Do First Time Home Buyers Get a Tax Credit?
Learn how tax laws and financial aid for new homeowners have evolved, and discover the valuable benefits that are currently available to you.
Learn how tax laws and financial aid for new homeowners have evolved, and discover the valuable benefits that are currently available to you.
While a specific federal tax credit for first-time homebuyers does not currently exist, the tax code still contains multiple provisions that can lower the financial burden of owning a home. The most famous program ended over a decade ago. These benefits range from deductions that reduce your taxable income to a lesser-known tax credit. A variety of state and other financial assistance programs are also available to help individuals achieve homeownership.
The program that often causes confusion is the expired First-Time Homebuyer Credit. This was a temporary federal program for homes purchased between 2008 and 2010, providing a tax credit of up to $8,000. This program cannot be claimed for any home purchases made today.
For homes bought in 2008, the credit acted as an interest-free loan requiring repayment over 15 years. Because of this, some individuals may still be making these repayments on their annual tax returns.
New homeowners can benefit from several federal tax deductions. A deduction lowers your taxable income, while a credit reduces your final tax bill dollar-for-dollar. To claim these home-related deductions, you must itemize on your tax return, meaning your total itemized deductions must exceed the standard deduction for your filing status.
The mortgage interest deduction allows homeowners to deduct the interest paid on a loan used to buy, build, or substantially improve a primary or second home. This deduction is limited to the interest paid on up to $750,000 of mortgage debt ($375,000 if married filing separately). This limit applies to mortgages taken out after December 15, 2017.
Homeowners can also deduct state and local taxes (SALT), which consist of property taxes for most homeowners. This deduction is capped at a total of $10,000 per household per year ($5,000 for married individuals filing separately). This single cap includes property taxes plus either state and local income taxes or sales taxes, which can limit the benefit for those in high-tax areas.
Another deduction relates to mortgage points, which are fees paid to a lender to lower the interest rate on a mortgage. If the points are paid on a loan to purchase or build your main home, they may be fully deductible in the year you paid them. For points paid on a refinance, the deduction must be spread out over the life of the loan. The IRS has specific criteria that must be met to deduct points in the year of purchase.
A more direct tax benefit is the Mortgage Credit Certificate (MCC). An MCC is a federal tax credit issued by state and local housing finance agencies to help lower-income individuals afford homeownership. It is not a loan but a certificate that allows a qualifying homeowner to convert a portion of their annual mortgage interest into a tax credit.
The credit amount is calculated as a percentage of the mortgage interest paid each year, with the specific percentage set by the issuing agency. The maximum credit is capped at $2,000 per year. The remaining mortgage interest that was not converted into a credit can still be claimed as an itemized deduction, providing a dual benefit.

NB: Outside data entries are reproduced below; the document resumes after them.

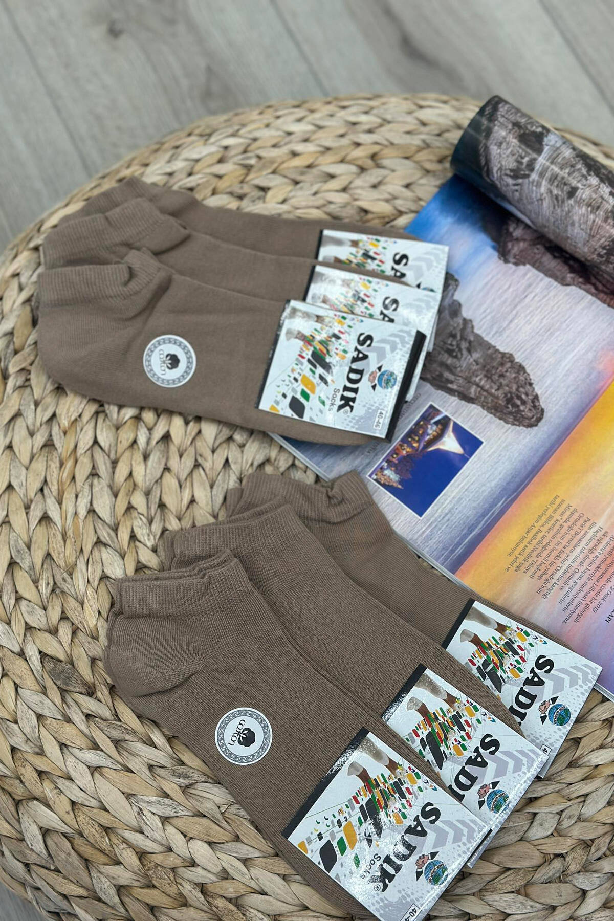 PAKETË ME 6 PALË CORAPE TË SHKURTRA PËR MESHKUJ NË NGJYRËN BEZHË E ERRËT
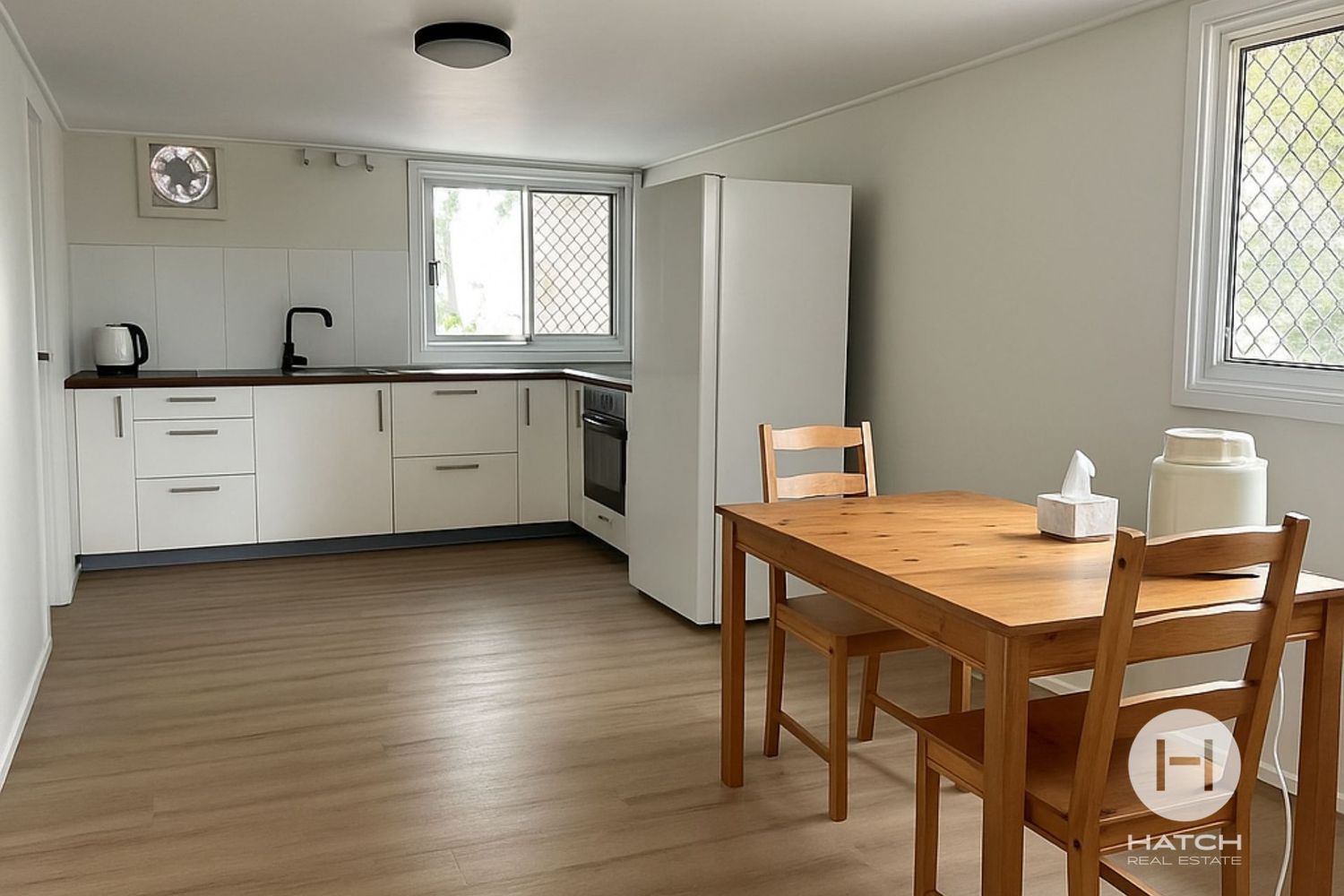 - Bright, modern kitchen and dining area
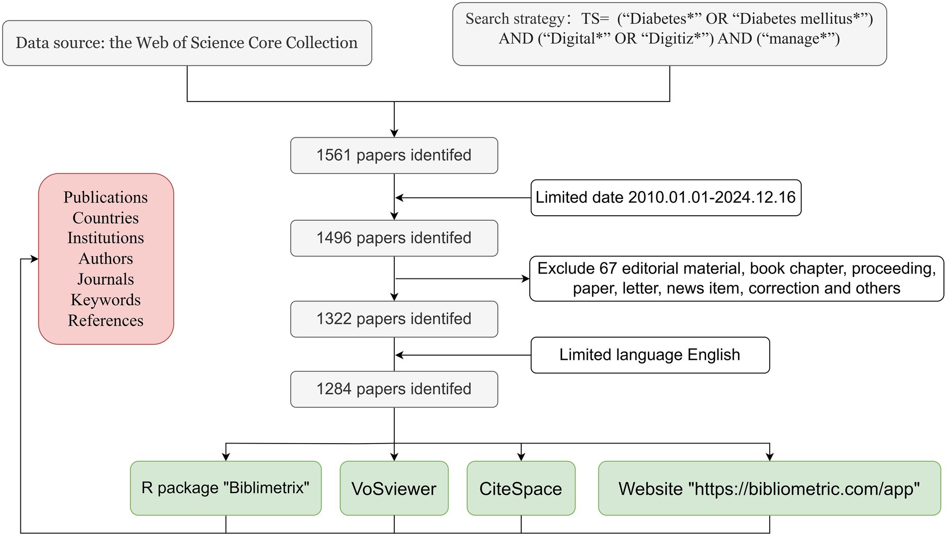 We conducted a comprehensive search on 16 December 2024, selecting all papers published between 1 January 2010 and 16 December 2024 from the Web of Science Core Collection (WOSCC). The search was performed using the following formula: TS = (“Diabetes*” OR “Diabetes mellitus*”) AND (“Digital*” OR “Digitiz*”) AND (“manage*”). Articles and reviews written in English were considered. The initial screening process yielded a total of 1,284 original articles in English, including 976 articles and 308 reviews, which were considered potential candidates for inclusion in the study. For more detailed information on the literature extraction process, please refer to Figure 1.
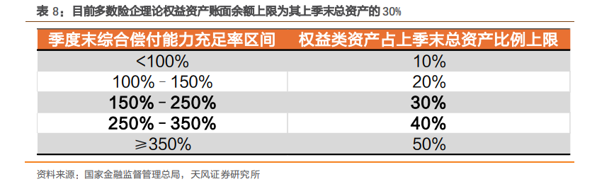二是用足权益类资产配置上限带来的提升空间。 4 月金融监管总局发布《关于调整保险资金权益类资产监管比例有关事项的通知》,简化档 位标准,并上调部分档位偿付能力充足率对应的权益类资产比例上限,进一步拓宽权益投 资空间。根据新规,上季末综合偿付能力充足率超过 150%低于 250%的保险公司,其权 益类资产配置上限为 30%。
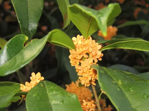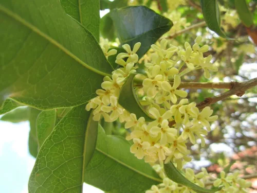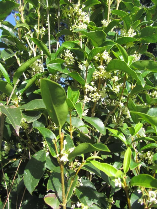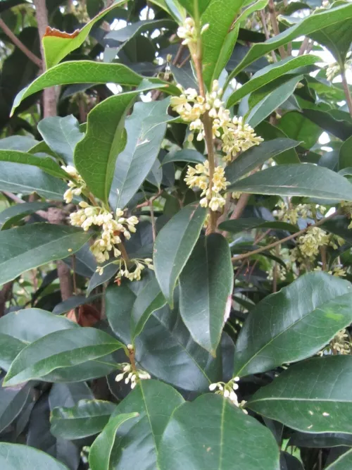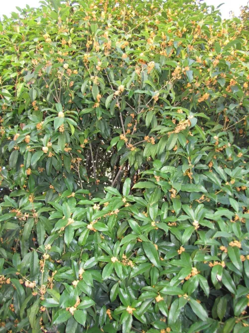 Meglio nota come Osmanthus, l’olea fragrans è oggi arbusto di gran moda, specie nella variante Aurantiacus dai più scenografici fiorellini arancio. Così l’olea, dalle villone ville e villette, villerecce o rustiche, di Longone si è diffusa a macchia d’olio, è proprio il caso di dire, in tutta la piana del banzavòis: non c’è ritaglio d’erba, balcone o terrazzo che non abbia la sua, in vaso (più adatte le varietà nane) o in piena terra.
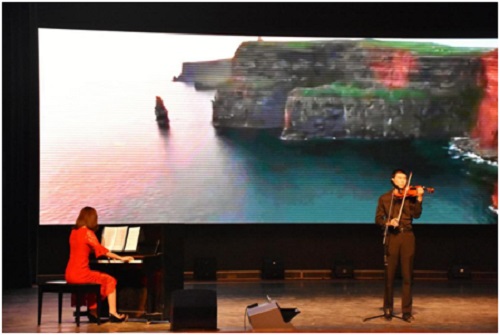 刘书月与张博二人运用钢琴与小提琴合奏《在水一方》展现出了空灵,悠扬,情意深深,令人回味的文化意境。二人配合默契,主次分明,朴实、自然、优美和谐演奏,令现场观众无一不为之沉醉。
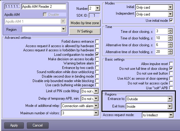 Create 2 regions in ACFA Intellect: Inside and Outside. These regions are set as entrance or exit areas for readers 1 and 2:
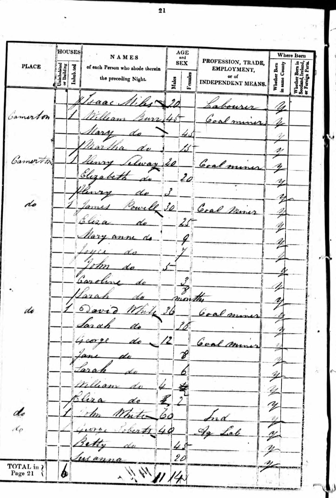 Isaac Miles (1819-1875) is recorded as a 20-year-old labourer living in Camerton with Thomas Hodges, a 40-year-old labourer and his wife, Sarah, also 40, and their five children, Ann, 15; Anna, 14; Thomas, 10; William, 9; and James 3.
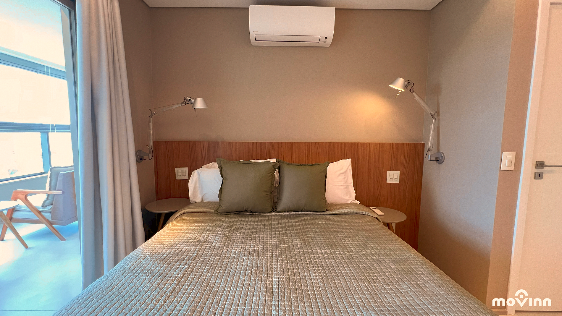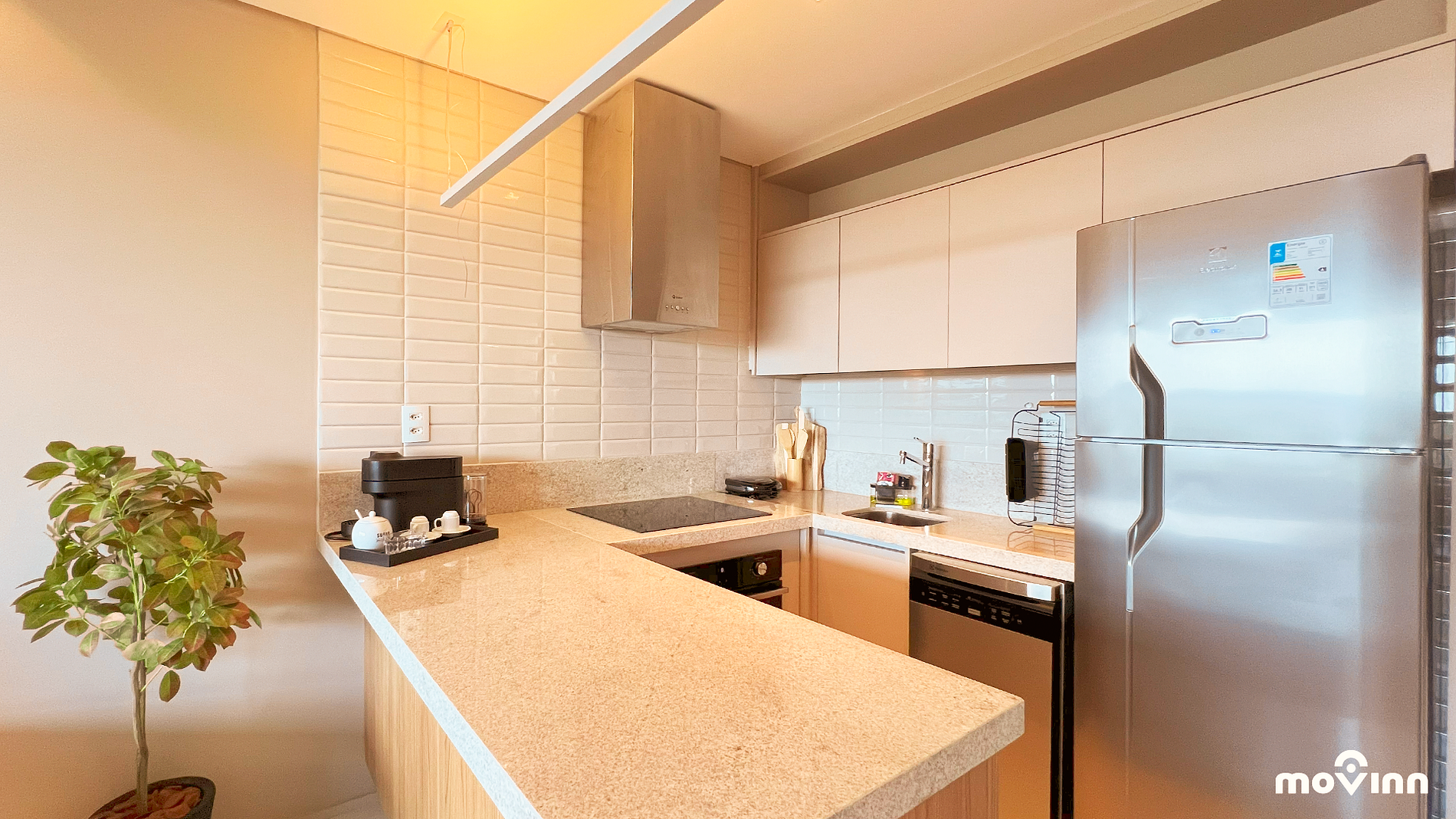 O Apartamento: Com 66 m², o apartamento é completamente equipado para garantir o máximo conforto, conta com cama Queen Size (1,58 m X 1,98 m), sala decorada e equipada, Smart TV, amenities Phytoervas, máquina lava e seca, cozinha com cooktop, exaustor, geladeira, forno elétrico, micro-ondas, cafeteira Nespresso, lava louças e água filtrada diretamente da torneira (Planeta Água PURE 9), com pH entre 6 e 8, prezando pela qualidade e bem-estar. Além disso, oferece uma excelente estação de trabalho
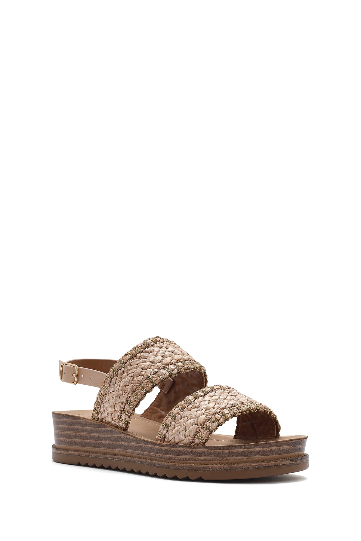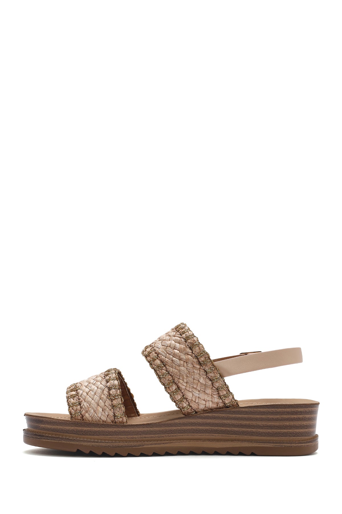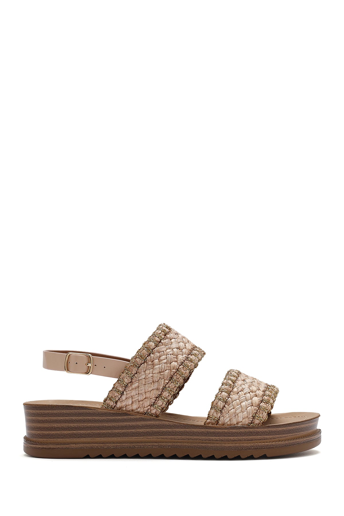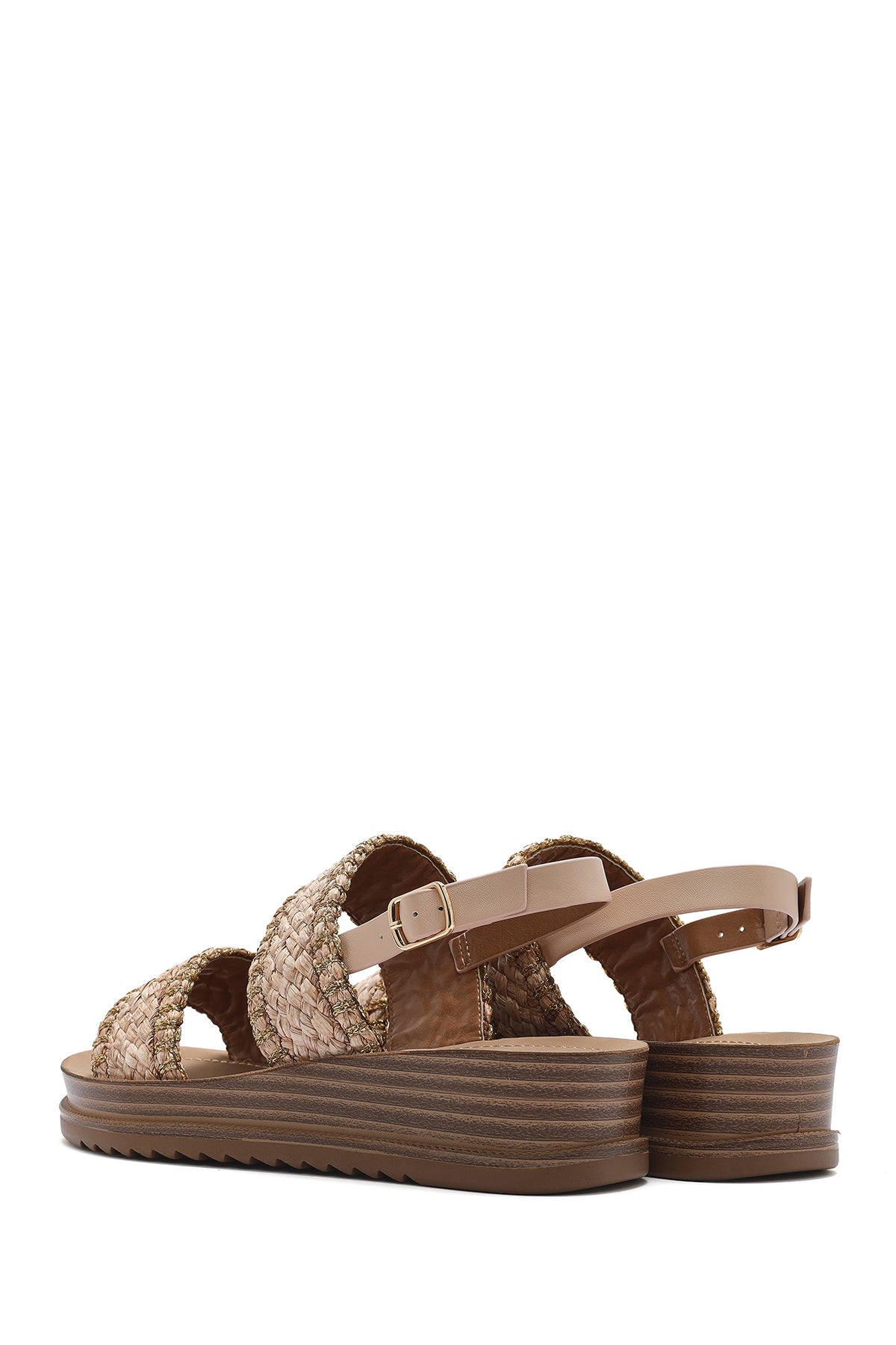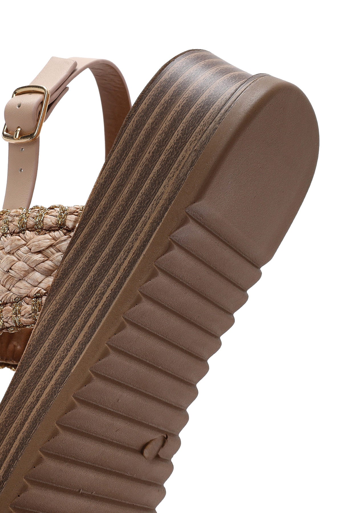 Kadın Bej Bilekten Tokalı Kalın Tabanlı Hasır Sandalet
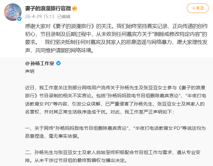 妻子节目组称未收到删除内容要求 《妻子》节目组:节目录制及后期过程中,从未收到任何嘉宾方关于“删除或修改特定内容”的要求。
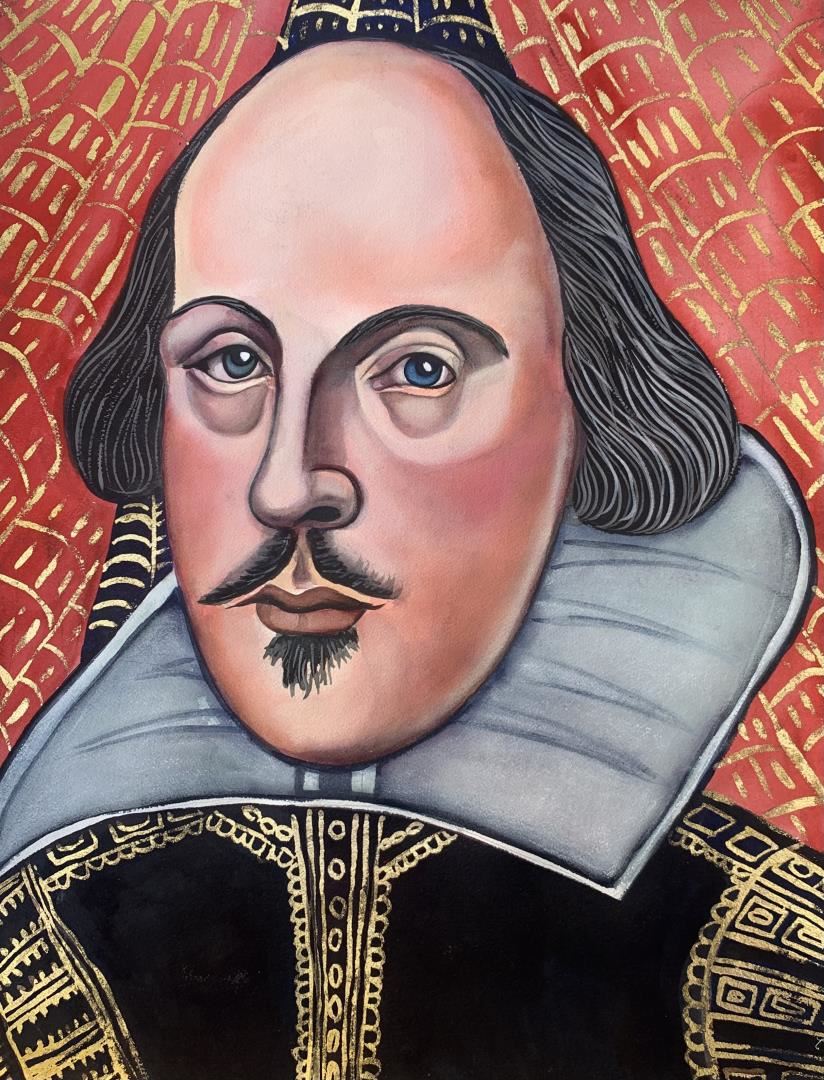 A pastel & watercolor portrait of the Bard, William Shakespeare 24x18" on deckled fine art paper, by Anonymous
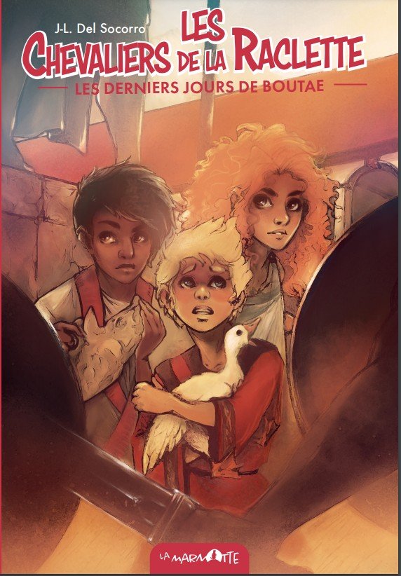 Les chevaliers de la raclette est une série jeunesse écrite à 4 mains par Jean-Laurent Del Socorro et Nadia Coste. Le premier tome est signé Jean-Laurent Del Socorro tandis que Nadia Coste a écrit les tomes 2 et 3. Les derniers jours de Boutae est le quatrième tome et il revient à Jean-Laurent Del Socorro. Cette série est notre petit plaisir à mon fils et moi. Il a pile la tranche d’âge requise pour ces livres et il attend chaque nouvelle parution avec impatience. On les lit ensemble et après il les relit tout seul. Ensuite on échange tous les deux sur ce qu’on en a pensé, nos hypothèses pour la suite, et j’écris ma chronique en lui faisant lire pour qu’il la valide. Un travail à 4 mains là aussi.
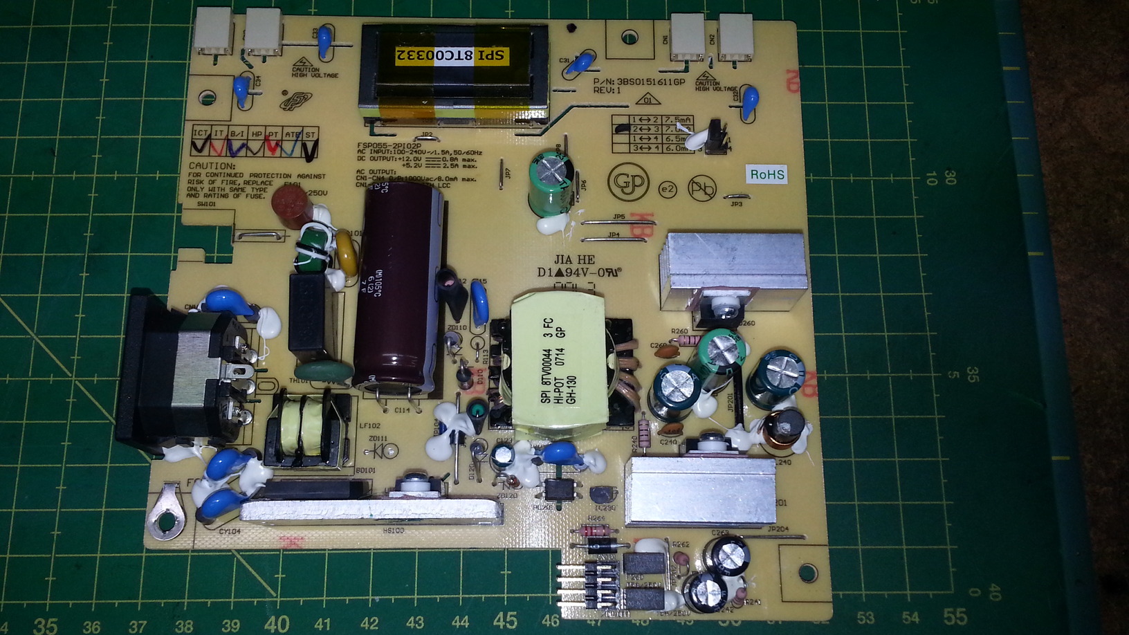 also kalte Lötstellen würde ich eher ausschließen, weil der Monitor "immer" kurz angeht und jedesmal nach exakt gleicher Zeit die Beleuchtung ausfällt. Beim Rest bin ich überfragt. Vielleicht hilft das Bild weiter.... hier hab ich was gefunden, inkl. Schaltpläne, aber zu hoch für mich http://linfotech.co.uk/schematics/Philips/Philips%20220VW8FB.pdf
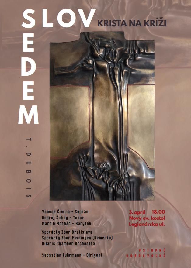 Srdečne vás pozývame na Veľkopiatočné pašie do Nového evanjelického kostola na Legionárskej ulici v Bratislave, 3. apríla 2026 o 18.00 h, kde zaznie nádherné oratórium francúzskeho skladateľa Théodore Dubois, Sedem slov Krista na kríži.

To receive an MCC, a buyer must meet several requirements. These typically include being a first-time homebuyer, having an income below a certain limit, and purchasing a home that does not exceed a specified price. You must apply for and be approved for the MCC before you close on the home; it cannot be obtained retroactively. The program is administered at the state or local level, and availability can be limited.
Many state housing finance agencies offer their own first-time homebuyer programs. These programs vary widely but can include down payment assistance, closing cost help, favorable interest rates on loans, and in some cases, state-specific tax credits. Prospective buyers should research the housing finance agency in the state where they plan to purchase.
A common form of this assistance is a Down Payment Assistance (DPA) program. DPAs provide funds to cover the upfront costs of buying a home and are often structured as grants that do not need to be repaid or as low-interest, forgivable loans. For example, a DPA might be a five-year forgivable loan, where a portion of the loan is forgiven each year the owner lives in the home. This is direct financial aid rather than a tax benefit.
Another tool is the ability for first-time homebuyers to make a penalty-free withdrawal from a traditional IRA. The IRS allows an individual to withdraw up to $10,000 from their traditional IRA to buy, build, or rebuild a first home without incurring the usual 10% early withdrawal penalty. While the 10% penalty is waived, the withdrawal is still subject to regular income tax.